By Manas Mishra and Leroy Leo
(Reuters) – Older adults are catching up on missed hip and knee replacements and other non-urgent surgeries, a shift that will benefit medical device makers this year, Wall Street analysts said after insurer UnitedHealth warned of higher costs due to a spike in some procedures.
While heart-related surgeries have returned to pre-pandemic numbers after delays due to lockdowns and hospital staffing shortages, orthopedic surgeries had initially lagged as older Americans chose to postpone them.
Medical device makers had already pointed out in the first quarter that orthopedic surgery volumes were picking up, but some investors thought the trend would be shorter lived.
BTIG analyst Ryan Zimmerman expects the pent-up demand to continue boosting medical device makers over this year and the first half of the next, leading to more forecast raises throughout 2023.
This is especially true for orthopedic equipment makers, he said.
“Clearly, orthopedics is having its moment. As a sub-sector relative to cardiology or other areas of medtech, we’re in a very good market right now in the ortho space.”
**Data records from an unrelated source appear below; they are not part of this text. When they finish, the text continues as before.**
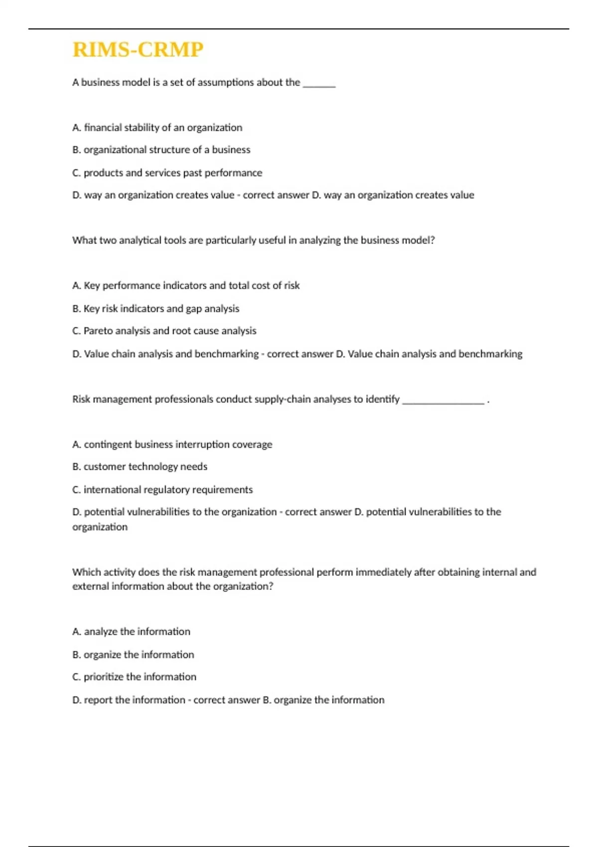D. potential vulnerabilities to the organization - correct answer D. potential vulnerabilities to the
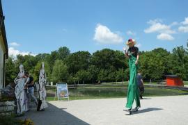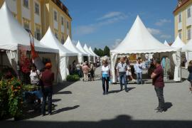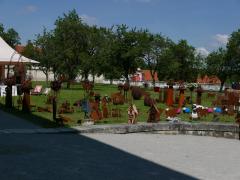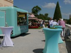 (Sa.1.6.) Schlösser Niederweiden und Hof. Niederweiden ist ein hübsches Barock- (Jagd-) Schloss. Von der Einrichtung ist nichts erhalten. Die Ausstellung über den Kaufhandel ist öd, gequält und (bis auf den nachgestellten Greißler) uninteressant. In einem separaten, niedrigen Gebäude waren die Küchen zu Zubereitung des Wildes untergebracht; eine erstaunliche Anzahl von Herden/Feuerstellen, schön hergerichtet, interessant und stimmig; kann man buchen. Ausstellung der sehr farbenfrohen Bilder des Malers Gottfried Laf Wurm (Laf?). - Schloss Hof ist grandios - hell, strahlend, weitläufig, großzügig, vielfältig, sehr Prinz-Eugen-isch. An diesem Tag fand auch noch eine Gartenausstellung statt; da waren schrecklich viel Leute. Inzwischen ist es heiß geworden. Als Mittagessen nehmen wir Standl-Imbisse im Schatten eines Baumes auf Heurigenbankerln ein. Brigitte (mangels Alternative) einen Voralpen-Bio-Burger, ich ein Curry-Gericht aus der Küche Sri Lankas, dazu Bio-Bier. Der Burger war so bio, dass er kein Bröserl Gewürz gesehen hat, daher nicht so ein Erfolg. Ich bin von der ungewohnten Hitze ziemlich schnell, ziemlich fertig und froh als wir "nach Hause" fahren. Auf dem Rückweg ein erfolgloser Versuch an die March zu kommen.
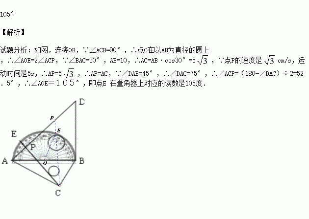 cm的速度移动,CP与量角器的半圆弧交于点E,已知AB=10cm,第5秒时,点E 在量角器上对应的读数是 度.
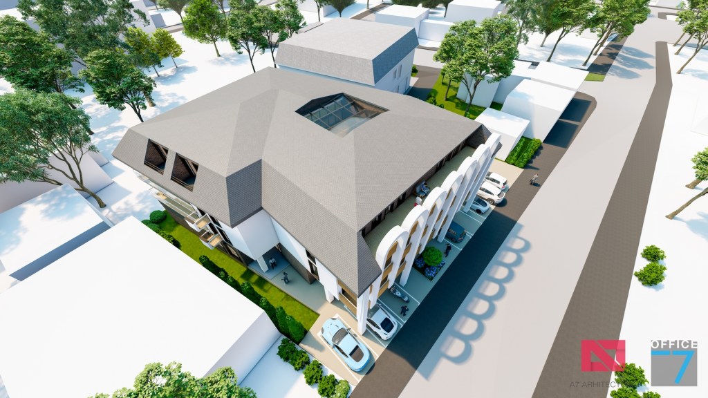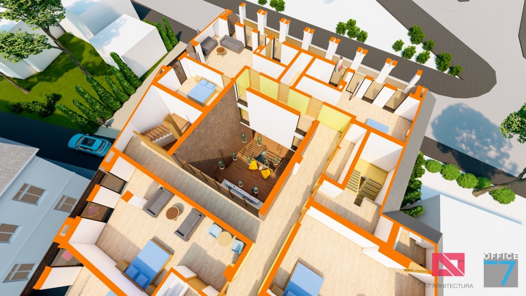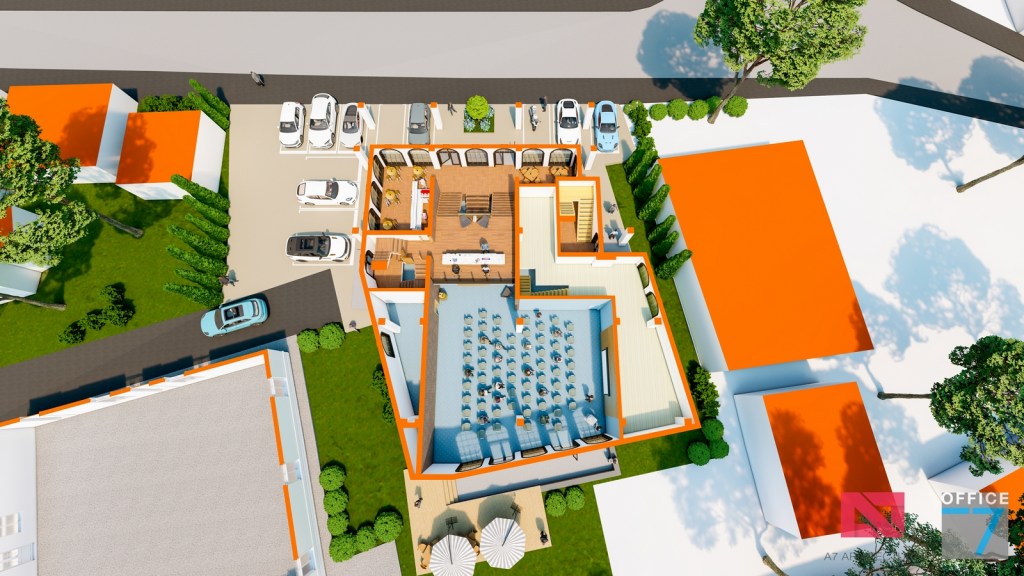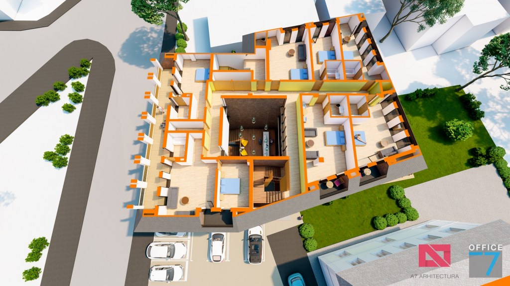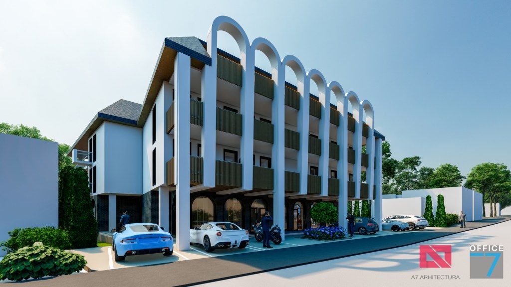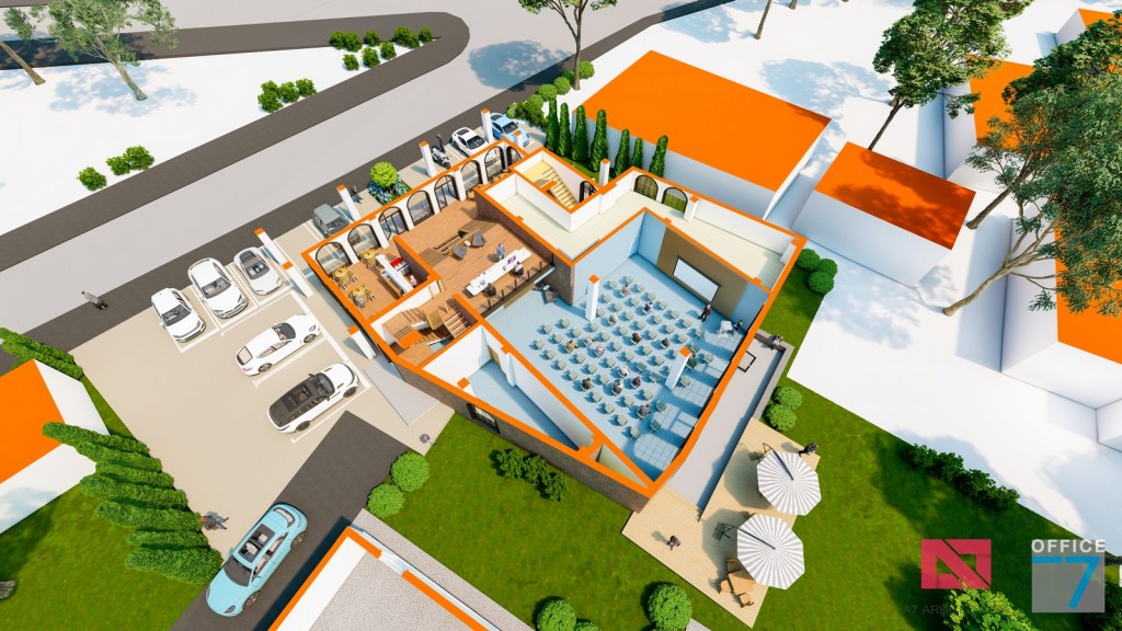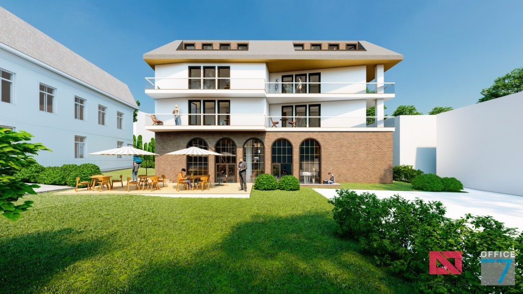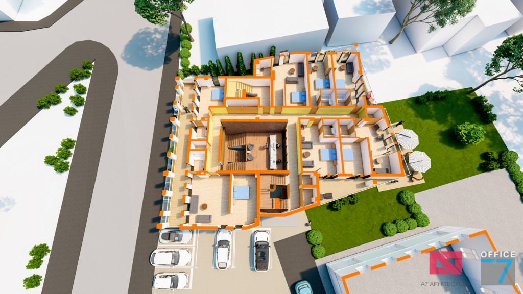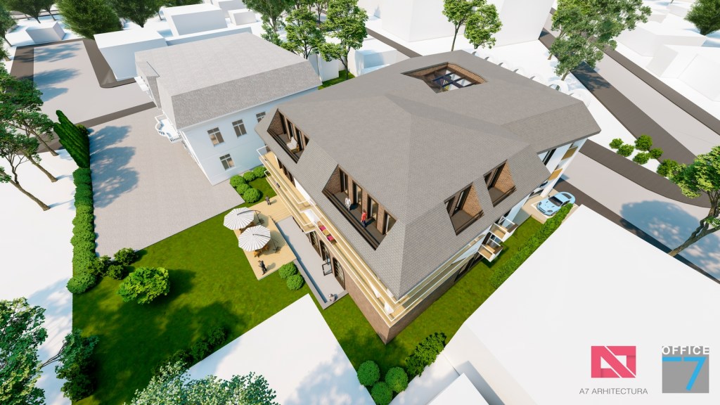 Concept Hotel Retro, Caracal. Propunere arhitectura pentru hotel Retro cu spatii de cazare, restaurant si sala conferinte. Propunere de design interior si exterior in zona protejata.
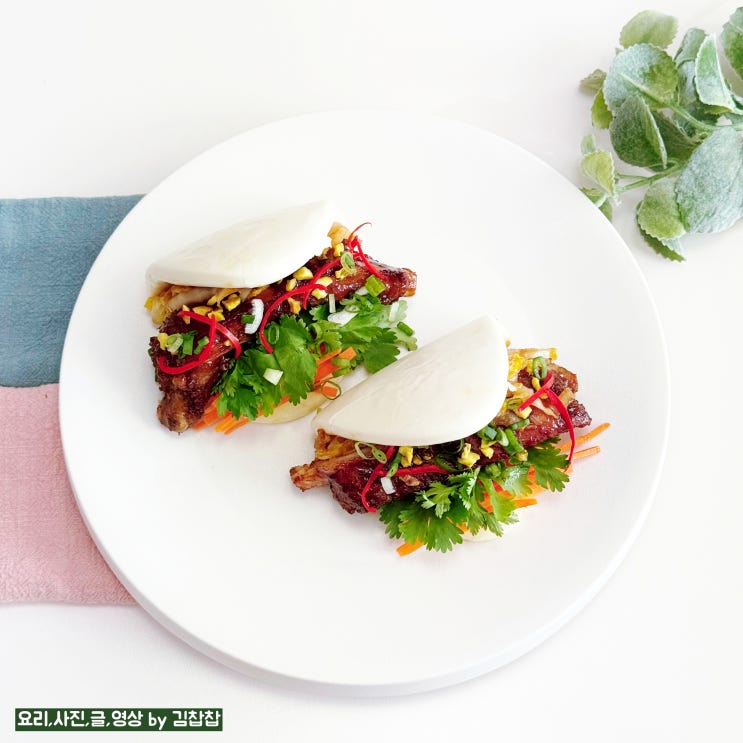 바오번 꽃빵 버거 만들기 중국식 돼지 등갈비 바베큐 폭립 차슈 요리 소스 레시피
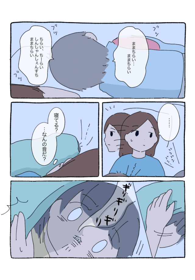 3. 「ままちらい」が地味に刺さるな・・。モヤモヤしたのも吹っ飛んだ三者三様の寝かしつけ事情|めめの育児絵日記
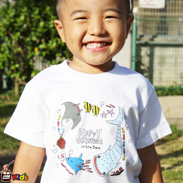 沖縄で活躍するアーティストSYOUTAとのコラボTシャツ。海の生き物をテーマでデザイン。ジンベエザメ、マンタ、マンボウといった魚達が優雅に泳いでいます。背面にはダイバーいます。
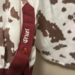 Cruel girl, denim shirt. Maroon and cow print western style with pearl snaps at the sleeves. Worn once for an appearance, excellent condition. Size extra small but would fit up to a medium. The pictures of my daughter are a true fit and she wears a medium.
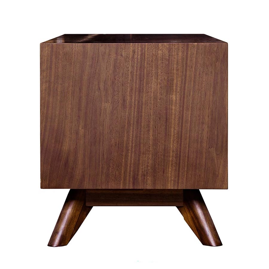Mueble de TV de aire retro años 50, hecho con una combinación de chapa de madera de nogal y MDF, y formado por una puerta , un cajón y un espacio.
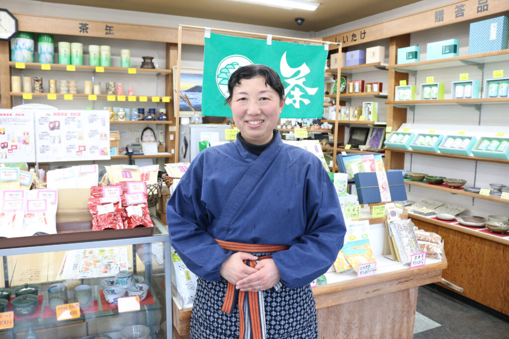 浜松市出身。三姉妹の長女として生まれ、家業を受け継ぐ。日本茶インストラクターの資格を取得し、お茶の魅力を伝える講座や体験イベントを開催しています。これからの時代のお茶は「飲む」だけでなく「体験するもの」と考え、日本茶体験施設「御茶處うぶのえん」を立ち上げるなど、地域活性化にも取り組んでいます。「心にのこる、忘れられない味」をモットーに、「おいしかったな、また飲みたいな」と思ってもらえる一杯を大切にしています。
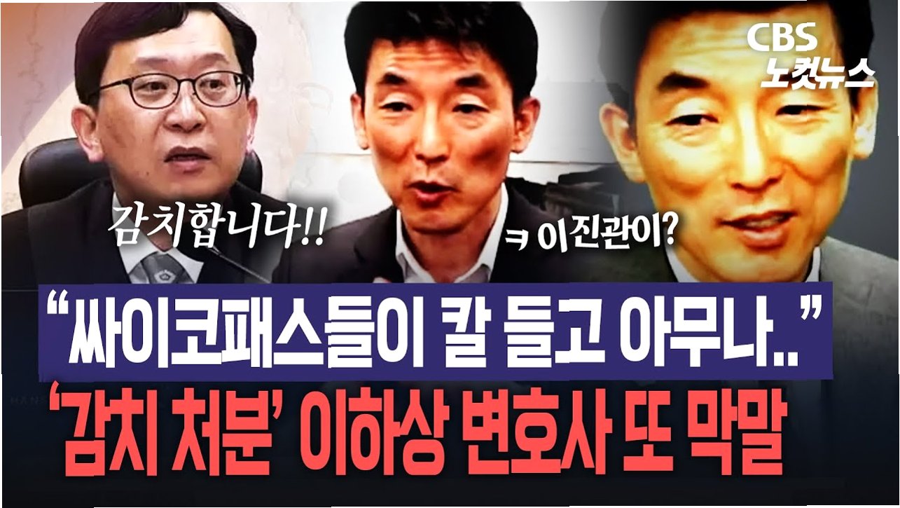 이하상 변호사는 지난 21일 유튜브 라이브 방송에서 내란 중요임무 종사 혐의로 기소된 한 전 총리에게 중형을 선고한 이 부장판사와, 고위공직자범죄수사처의 체포영장 집행을 방해한 혐의로 윤석열 전 대통령에게 징역 5년을 선고한 백대현 부장판사를 "흉기가 된 판사들"이라고 지칭했습니다. 그는 "사이코패스들이 칼을 들고 막 돌아다니면서 아무나 찌르는 것 같은 느낌"이라며, "대현이가 짖어도 가고 진관이가 짖어도 간다. 반드시 이긴다"는 등 극단적인 표현을 사용했습니다. 또한, 이재명 대표를 "사탄의 계보에 있는 사람들", "사육당한 아이들"과 같은 비하적인 표현으로 엮어 언급하며 논란을 증폭시켰습니다.
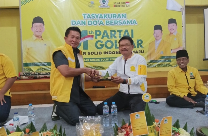 Acara tasyakuran digelar secara sederhana dengan berdoa dan ditandai pemotongan tumpeng oleh ketua DPD Golkar Gresik, Wongso Negoro, yang diberikan kepada sesepuh Golkar yang juga ketua Fraksi Golkar DPRD Gresik, Atek Ridwan.
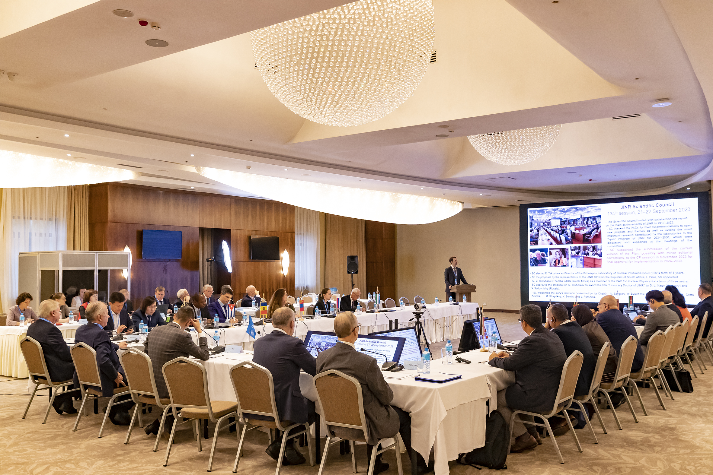 Head of the Budget and Economic Policy Department Nikolay Kalinin presented the preliminary financial results of the implementation of the Seven-Year Plan for the Development of JINR 2017-2023. He reported on the JINR draft budget 2024 and approximate contributions by the JINR Member States for 2025-2027. Based on the results of the JINR FC meeting, the Institute’s budget was approved in accordance with the new expenditure structure. In addition, the budget plan for the development of JINR for 2024-2030 was also approved, including the development of the JINR scientific and experimental base, engineering and social infrastructure, as well as providing a competitive level of staff wages.
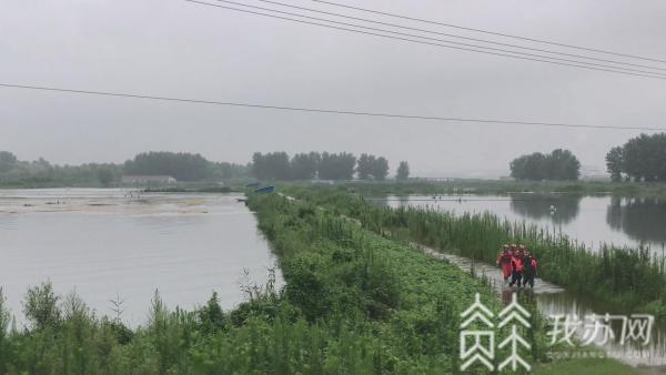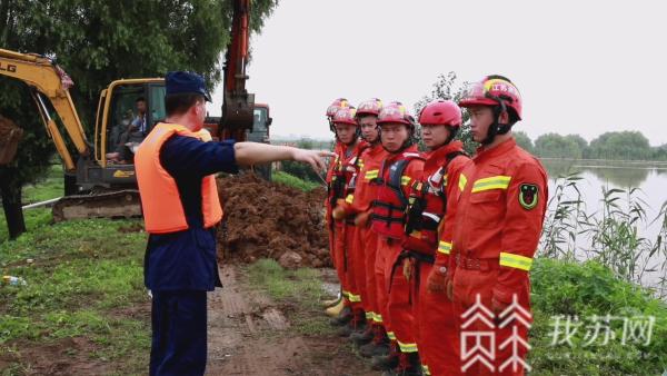 消防到达现场后,发现现场大水弥漫, 淹没了大量农田和池塘,指挥员镇江市消防救援支队一级专员张俊忠立即带人进行堵漏围堰作业。这时有群众反映,不远处鱼塘有渔民被困,亟待救援。丹徒区消防救援大队长王森立即带人前往救援,在齐腰深水里将被困渔民救出,并带离危险区域。
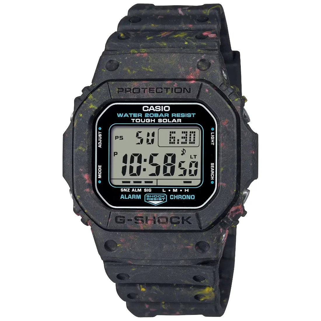 Tamaño de la caja (L× W× H): 46.7 × 43.2 × 12.7 mm Material de la caja/bisel: Resina Peso: 47 g Correa de resina Resistente a impactos Resistencia al agua de 200 m Fuente de alimentación: Tough Solar (con energía solar)
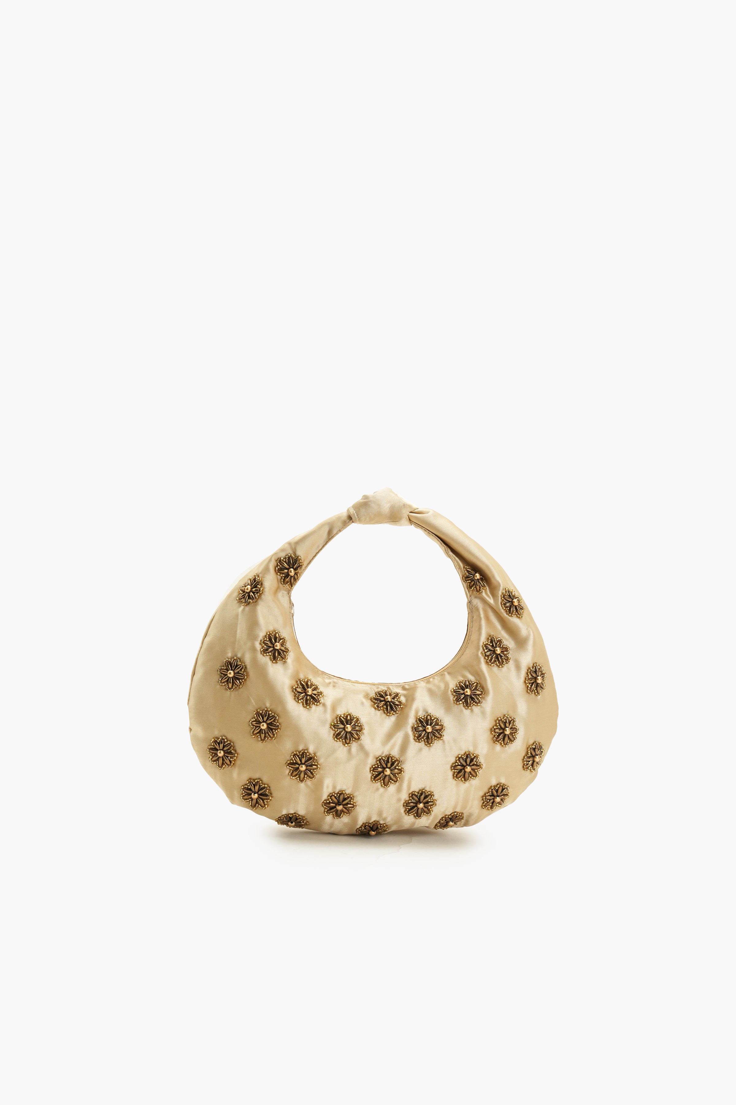Step into the season of celebrations with Our Shah-Noor Embellished Handbag- a timeless piece from our exclusive Festive Collection. Crafted in a rich champagne-gold hue adorned with meticulously hand-embroidered floral motifs in antique gold, each embellished with intricate beadwork, radiating a regal charm. Its crescent-shaped silhouette and the knotted handle adds a modern twist to classic festive styling.
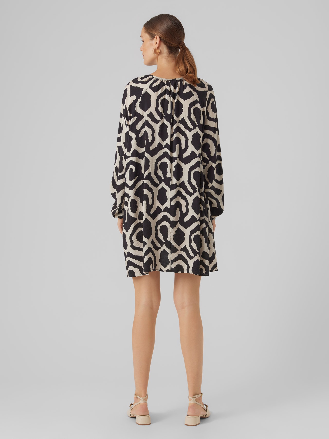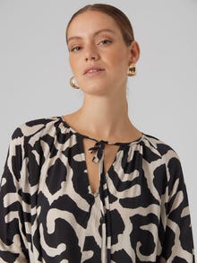 This dress is the perfect choice on days, where putting together an outfit seems impossible. Combining comfortability and style makes this dress a perfect everyday go-to. Style it up or down depending on your taste. - Product Type : Tunic - Neck : V-Neck - Sleeve : Long sleeves - Sleeves : Volume sleeves - Cuffs : Elasticated cuffs - Closing : Drawstring fastening - Length/Size : Hemline falls at midi length, below knee - Print : Print repeated across the entire surface of the product - Fit : Regular Fit
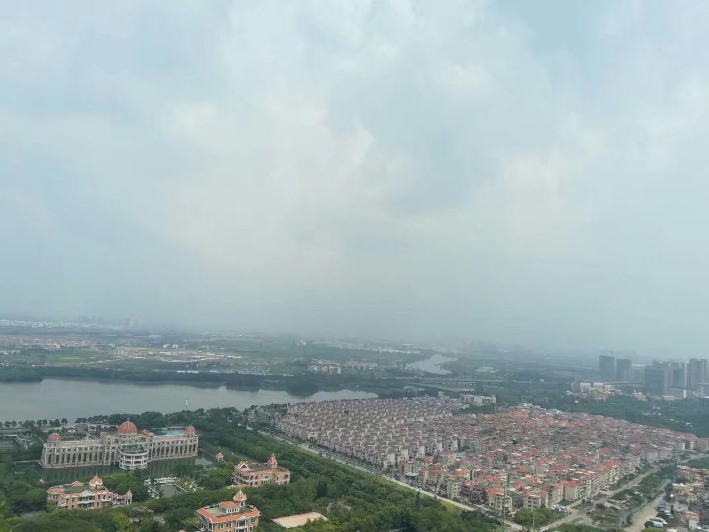 在观景台往南看,是顺德新城区。顺德新城区的建设规模越来越大,越来越好。远处,是堂皇的区政府大楼和 鳞次栉比的高楼大厦;近处,从华桂园到区政府大楼之间,是抢眼的、连片的、金黄琉璃瓦别墅群一一碧桂园钻石湾。听说每一套别墅,都价值过千万。其规模之大,令人惊叹,尽现顺德的富庶与豪华。
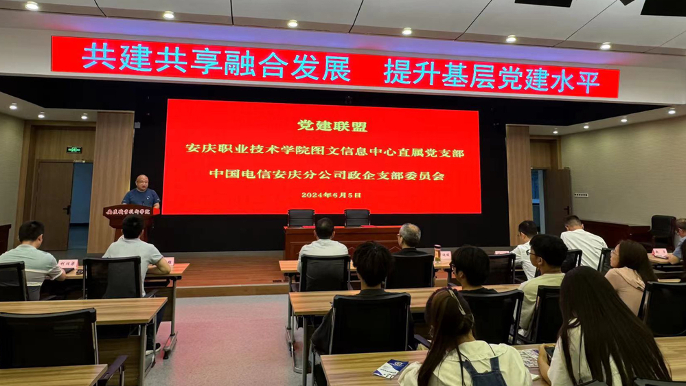 6月5日下午,在图文信息中心三楼学术报告厅图文信息中心直属党支部与安庆电信公司政企党支部共同举办党建联盟活动,活动以“共建共享融合发展,提升基层党建水平”为主题,图文信息中心直属党支部全体党员、安庆电信公司政企党支部部分党员和德赢官网学生近200人参加活动。

UnitedHealth’s comments late on Tuesday wiped nearly $60 billion from the market value of health insurers the next day and added over $20 billion to the market capitalization for medical device makers and hospital operators, with UnitedHealth falling about 6%.
That represented a historic intraday shift in funds within the sector, UBS analysts said in a research note.
UnitedHealth said medical care at outpatient centers rose more than expected in April, May and early parts of June as older adults, one of the most vulnerable populations during the pandemic, became more comfortable getting long-delayed health services like elective procedures.
The comments “will certainly help feed the view that backlog and elective volume lift will serve as an extended tailwind for device companies,” said Truist analyst Richard Newitter, who covers medical device and supplies makers.
When medical device makers reported first-quarter results and benefited from higher surgeries, their results were at variance with comments from health insurers, who said non-urgent surgeries were in line with expectations.
As a result, shares of orthopedic-focused device makers Zimmer Biomet and Stryker Corp have fallen 8% each last month over fears that a jump in demand could be transient. Both stocks closed around 4% higher on Wednesday.
Humana, CVS and Elevance Health did not respond to Reuters requests for comment.